Bulgaria’s Stadion Vasil Levski will be partially closed for the visits of England and Czech Republic because of the racist behaviour of fans in June.
England players were also subjected to racist abuse in Bulgaria in 2011 and Southgate said: “It is a concern, we’re not confident that we’ll go there and nothing will happen.
“It’s something that we’ve already planned. We’ve already planned what our schedule looks like and we’re going to discuss it with the players before we go, because we’re aware that there is history there and we want to make sure that we’re all prepared for what might happen and how we want to respond.”
Meanwhile England winger Jadon Sancho says incidents of racism have made him question why he plays football.

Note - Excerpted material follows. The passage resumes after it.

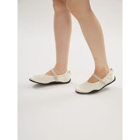 サテン素材が柔らかな光沢感を添え、軽やかでエレガントな足元を演出します。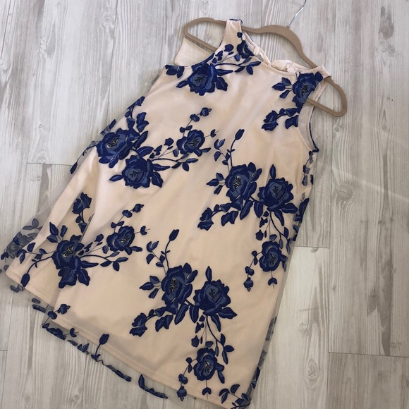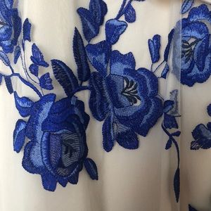 Worn once. Perfect condition. Beautiful blue embroidered floral print

“It just has to stop,” said the Borussia Dortmund rising star. “No player wants to play football and have abuse like that. It puts the confidence down in players and the love of the sport will go very soon if it doesn’t stop.

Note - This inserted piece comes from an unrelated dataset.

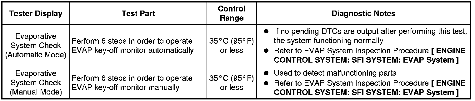 (e) Perform the System Check by referring to the table below.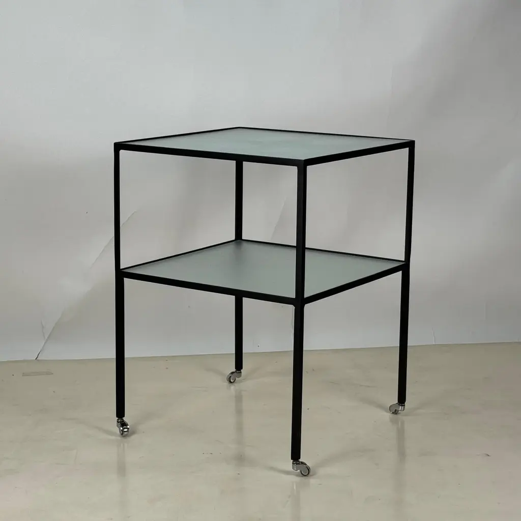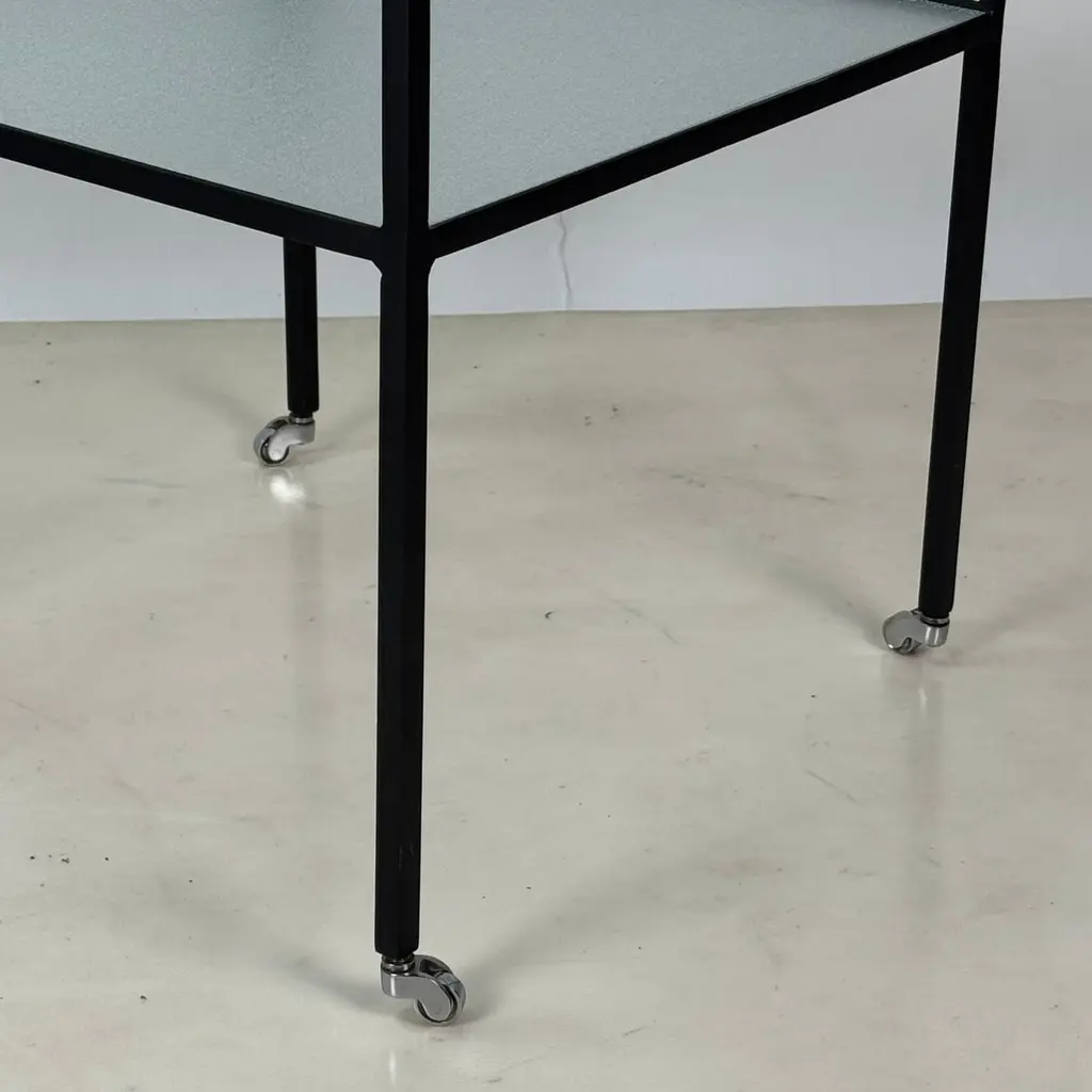 Chic 'Équilibre' Blackened Steel & Glass Side Table On Casters By Design Frères

“It is hard to see things like this because it feels like, ‘why should we play football?'”
According to former Manchester captain Vincent Kompany the problem is rooted in the lack of diversity in the game’s top authorities.
Speaking in the wake of his Belgian compatriot Romelu Lukaku being racially abused by Cagliari fans while playing for Inter Milan – after which Lukaku suggested the game was “going backwards” – Kompany, now manager of Anderlecht, added: “Romelu is a victim of something disgraceful not just in football, but also in society.”
“The real racism lies in the fact none of these institutions have representatives that can actually understand what Romelu is going through.
“You are dealing with a crowd of people and decision-makers who are telling him how he should think and feel about this when you have no decision-makers who are remotely in touch with what he has experienced in his life.
“That’s the real issue – if you go through the boards at UEFA or FIFA, the Italian League or the English League, there is a real lack of diversity. If you don’t have diversity in places of power like boardrooms then you can’t have the right decisions in terms of sanctions – it’s a simple as that.”